The New York Times recently reported that millions of people are now working and studying from home, referring to it as “one of the biggest mass behavior changes that the nation has experienced.”
As editor of Atlanta On The Cheap, I work from home every day – and have done so for 25+ years. I know a thing or two about the advantages and pitfalls of this type of work arrangement. So I want to share a few tips for those of you who are adjusting to telecommuting, whether for work or for school.
Keep your routine
You’re probably already used to a certain schedule, so don’t let that get wildly out of control. The productivity experts will tell you to get up at your usual time, shower, get dressed, eat breakfast, and exercise according to your normal routine.
My thoughts on that: It won’t hurt to sleep in by an hour since you don’t spend that time fighting traffic right now. That’s a small indulgence for a stressful time.
Full disclosure: I’m not a morning person, so I don’t shower and get dressed first thing. I grab my coffee and sit down at the computer unwashed and in pajamas. It works for me.
What you don’t want to do is to treat every day like a weekend. Don’t sit down in front of the TV, work in the garden, or get distracted by hobbies and chores. (If you have small children at home, it may be hard to find a balance between work and childcare, and I don’t have a lot of advice for that.)
Set reasonable hours
It can go either of two ways. You may find you get more done at home, because you don’t have colleagues distracting you. In that case, depending on your job, you may have a shorter workday.
Or, you may find you can’t focus at home, are prone to procrastination, and can’t get enough done – so you end up working longer hours to meet deadlines.
One of the ways full-time freelancers fight procrastination and lack of focus is to commit to small chunks of time. Try setting a timer for 20 or 30 minutes – and telling yourself you will stay focused on your job for that period of time. When the timer goes off, you can keep going if you’re on a roll. And if you’re not on a roll, indulge in a small break, like checking social media, stretching, or making a cup of tea. Give yourself 5 to 10 minutes and then set the timer again.

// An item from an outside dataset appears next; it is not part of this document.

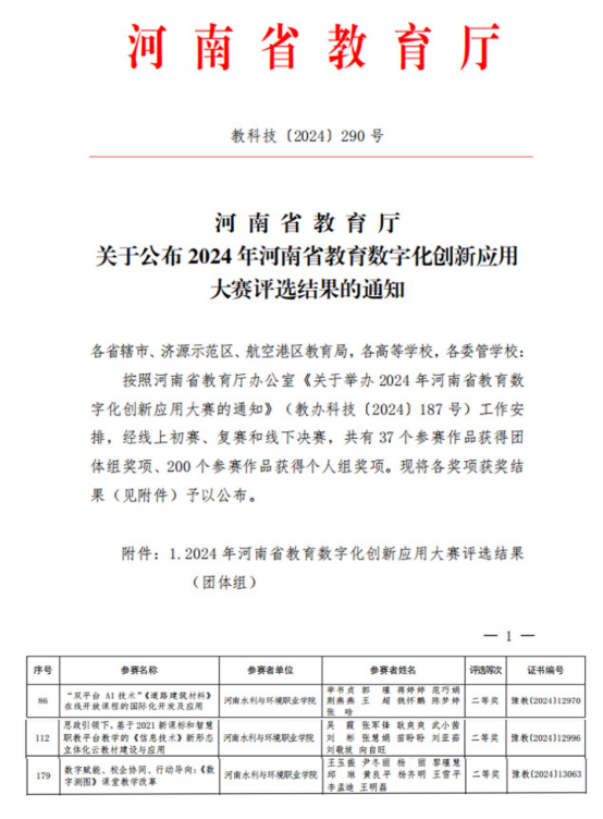 近日,河南省教育厅公布了2024年河南省教育数字化创新应用大赛评选结果,ylzzcom永利总站线路检测荣获个人组二等奖3项。

Remember that you’ll want to be available during set hours for the colleagues and clients that need to reach you.
And remember to plan for reasonable breaks during your workday. No one can sit at a desk for hours at end and maintain focus.
Create a dedicated space
This is so important. I could not work from home long-term without a dedicated home office. I like to spread out and keep things arranged just so. If I had to clear my things from a dining room table at every meal time, I’d lose momentum and focus.
You might be someone who can work from anywhere. I have a friend who sometimes works from a screened-in gazebo in his backyard. But if that’s not you, having a set place you go to every morning will prove very helpful.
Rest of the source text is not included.